While this statute appears to support Woodland's claims, EDPL 706, which became effective in 1978 (see, EDPL 709;  L.1977 ch. 839 § 1), further provides that “[n]o action or proceeding pending at the time when this chapter takes effect, shall be affected by any provision of this chapter”.   Woodland contends that it is nevertheless entitled to relief as the valuation hearing here was separate and distinct from the earlier action it commenced in 1972 to adjudicate its rights to the same property which was the subject of the valuation hearing.   We disagree.

The record clearly established that the action commenced in 1972 involved the same cause of action and the same parties, and is part of the instant action.   It also bears the same Westchester County Clerk's index number as the instant action.   Accordingly, the relief Woodland seeks is not mandated by the statute and the instant action “may be prosecuted as if this chapter had not been enacted” (EDPL 706).

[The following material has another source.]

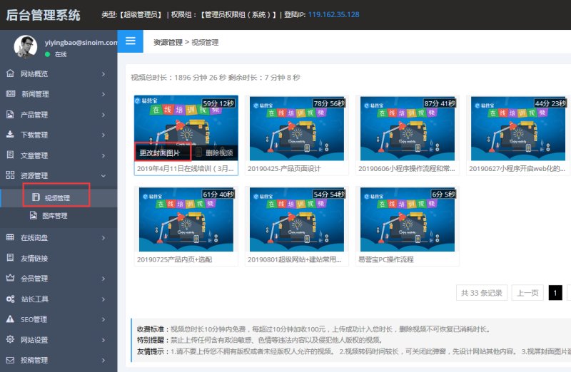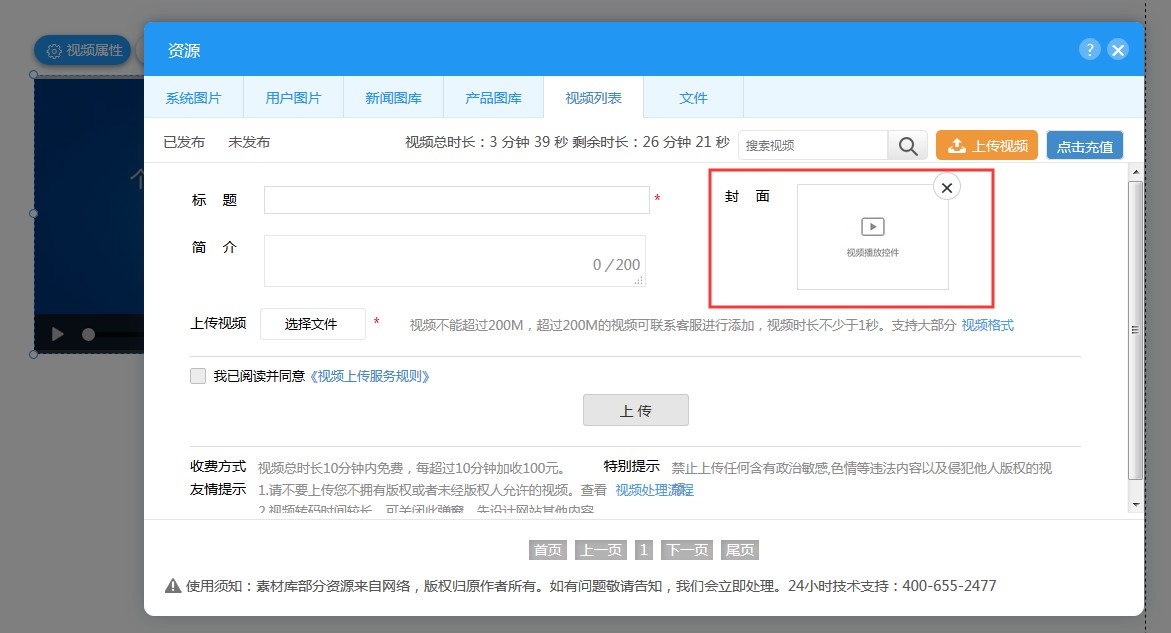 3,视频上传成功后,在管理后台-资源管理-视频管理里,也可以修改视频的封面,但是这里修改完封面后,视频控件需要重新选一下视频才能生效。

In light of the discretion granted in the EDPL to allow any action pending when the EDPL took effect to be prosecuted as if the EDPL had not been enacted (see, Niagara Mohawk Power Corp. v. Jesionowski, 94 A.D.2d 815, 816, 463 N.Y.S.2d 126, affd. 61 N.Y.2d 935, 474 N.Y.S.2d 973, 463 N.E.2d 374) and inasmuch as Woodland has not shown any improvident exercise of this discretion in the denial of its motion for attorney's fees, but argues only that the award is mandatory, the order is affirmed.